FEBRUARY Members of the IRA murdered Robert McCartney, a Catholic, at a Belfast pub, provoking demonstrations by hundreds after his sisters protested. Miss Ellen MacArthur sailed single-handed round the world in 71 days, 14 hours, 18 minutes and 33 seconds; she was made a Dame. Mr Mahmood Abbas, the President of the Palestinian Authority, and Mr Ariel Sharon, the Prime Minister of Israel, declared a ceasefire at a meeting at Sharm el-Sheikh in Egypt. The Shiite party, the United Iraqi Alliance, did best in the Iraqi elections.
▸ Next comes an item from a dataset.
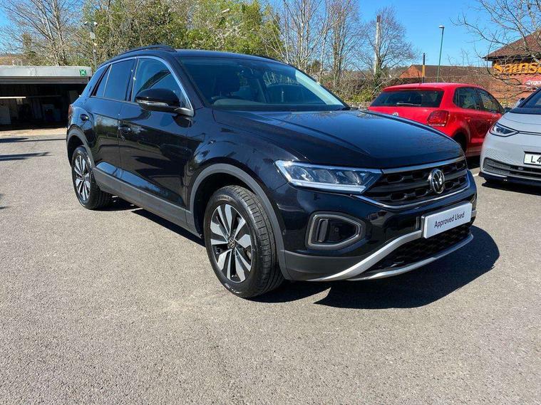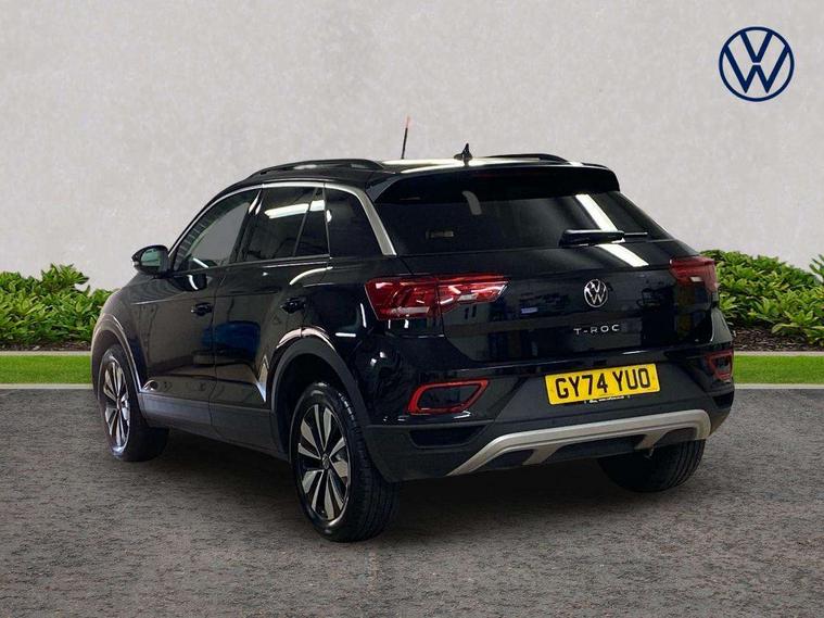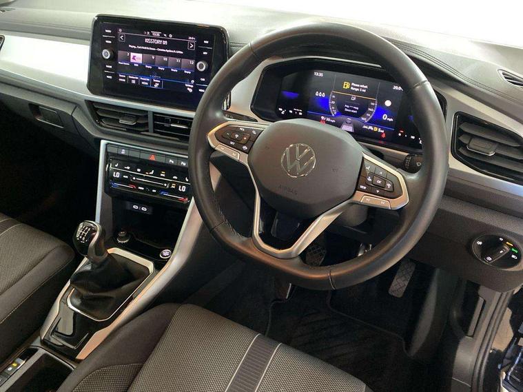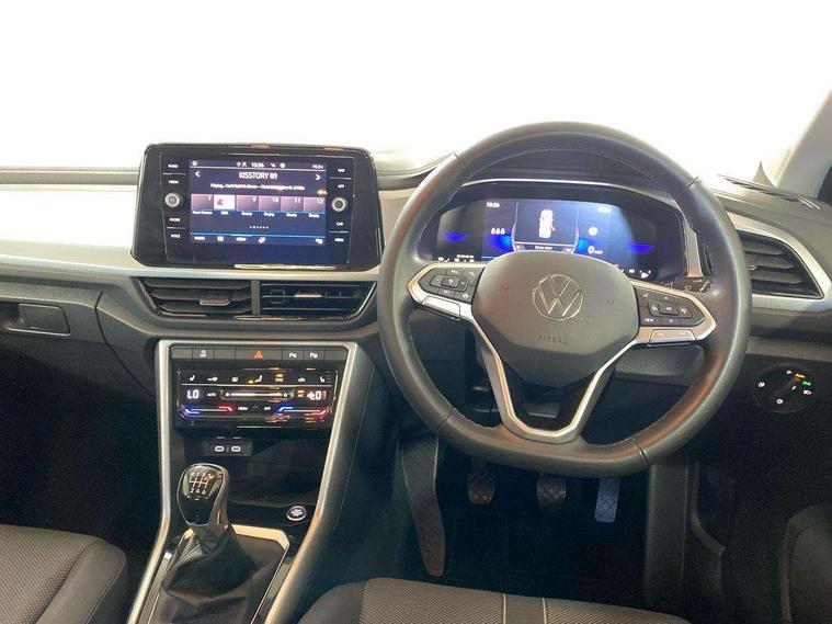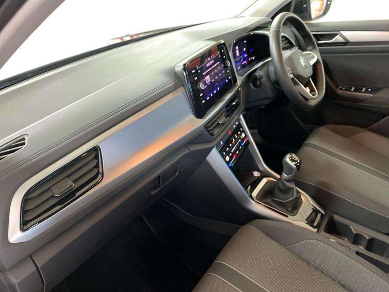 Advanced driver attention and drowsiness monitor, Dynamic road sign display, Emergency call service, Lane keeping system Lane Assist, Mobile phone interface, Modified key software - reduce switch off time for key status change to Long no motion, Online services, Park assist including front and rear parking sensors, Power assisted speed sensitive steering, Rear view camera, Service interval indicator, Tailgate/trunk lid release from outside, Think blue trainer driver tips and journey analysis, Warning sound and light for front seatbelts unfastened, Wireless app connect, Battery regeneration during braking, Front shock absorption, Rear shock absorption chassis with increased ride height, Start/stop function with battery regeneration, DAB Digital radio, Diversity antenna for FM reception, Front and rear 6 speakers, Music playback - MP3, WMA and AAC files, Premium USB cable in choice of either Apple or Android smartphone compatibility, SD card slot, Simultaneous pairing of 2 compatible mobile devices, Title and cover art display, We Connect and We Connect Plus functionality, Auto dimming interior rear view mirror, Automatic hazard lights activation under emergency braking, Automatic headlight control with LED separate daytime running lights with coming/leaving home function, Black roof rails, Body coloured bumpers and radiator grille with chrome trim and front fog lamps with chrome bezel, Body coloured exterior mirror housings and door handles, Electrically adjustable and heated door mirrors, Extended roof spoiler, Exterior mirrors aspherical on driver side, convex on front passenger side, External USB type C socket and charging sockets, Front windscreen wiper with intermittent wipe and 4 position delay, Heated rear window, LED 3rd brake light, LED rear combination lamps, LED rear number plate lights, Power windows with comfort operation and circuit breaker, Privacy glass for rear side windows and rear window, Rain sensor, Rear exhaust tailpipe, Rear fog light on one side and reversing lights on both sides, Rear side wing doors, Rear wash/wipe with intermittent wipe setting, Remote electrically foldable door mirrors, puddle lights and reverse activated passenger's door mirror, 12V power socket in centre console, 3 rear head restraints, 3 seat bench in 2nd row, 4 load lashing points in luggage compartment, Air care climatronic air conditoning system with active combination filter and 2-zone temperature control, Black stitching for floor mats, Ceramique roof liner, Cloth upholstery, Door and side trim panel in cloth, Drawer under drivers seat, Driver/front passenger seat height adjustment, Front centre armrest, Front comfort sports seats, Front cupholders x 2, Front reading light, Front seat back storage pockets, Glove compartment door with light, Instrument lighting, white adjustable panel illumination, Interior ambient lighting and surround lighting, Interior light delay, Isofix child seat preparation, Leather gearshift handle, Load-through provision with cup holder when folded down ('Unsplit rear seat bench, split folding backrest, with centre armrest), Luggage compartment lighting, Lumbar support for driver's and front passengers seat, Non-folding front passenger seat backrest, Single front passenger seat, Storage compartment in left and right luggage area, Storage compartment in rear doors, Storage compartments in driver and front passenger doors, Sunvisors with illuminated vanity mirrors, Variable boot floor, height adjustable and removable, Driver assistance pack without proactive passenger protection - T-Roc Life/Match, 3 point height adj front seatbelts + pretensioners, 3 point seatbelts in outer rear with ECE label, ABS, Child locks on rear doors, City emergency braking and pedestrian monitoring, Driver and front passenger airbag with front passenger airbag deactivation, Driver and front passenger safety-optimised head restraints, Drivers seatbelt reminder, Electronic parking brake, Electronic Stability Control (ESC) inc EDL (Electronic Differential Lock) and ASR (Traction Control), Front and rear passengers curtain airbag system including front side airbags, Front disc brakes, Hill start assist, Predictive pedestrian protection, Rear disc brakes, Two tone horn, Tyre pressure loss indicator, Volkswagen roadside assistance, Alarm with interior protection, Keyless locking and starting system keyless access with safelock, Pewter matt decorative inserts for intrument panel, centre console and door panels at the front, Trims for alloy wheels,

Bremerhaven zoo was bombarded with protests when it encouraged six Humboldt penguins, said to have homosexual tendencies, to mate with females from Sweden.
MARCH Amid wrangling, the Prevention of Terrorism Bill was passed, providing for house arrest of those suspected of terrorism. Mr Howard Flight was stopped by Mr Michael Howard, the Conservative leader, from standing in the election, after something he said at a dinner was misrepresented. Lord Callaghan, prime minister 1976–79, died the day before his 93rd birthday. Among a steady series of deadly bombings in Iraq, a suicide car bomb killed 115 in the Shiite city of Hillah, south of Baghdad.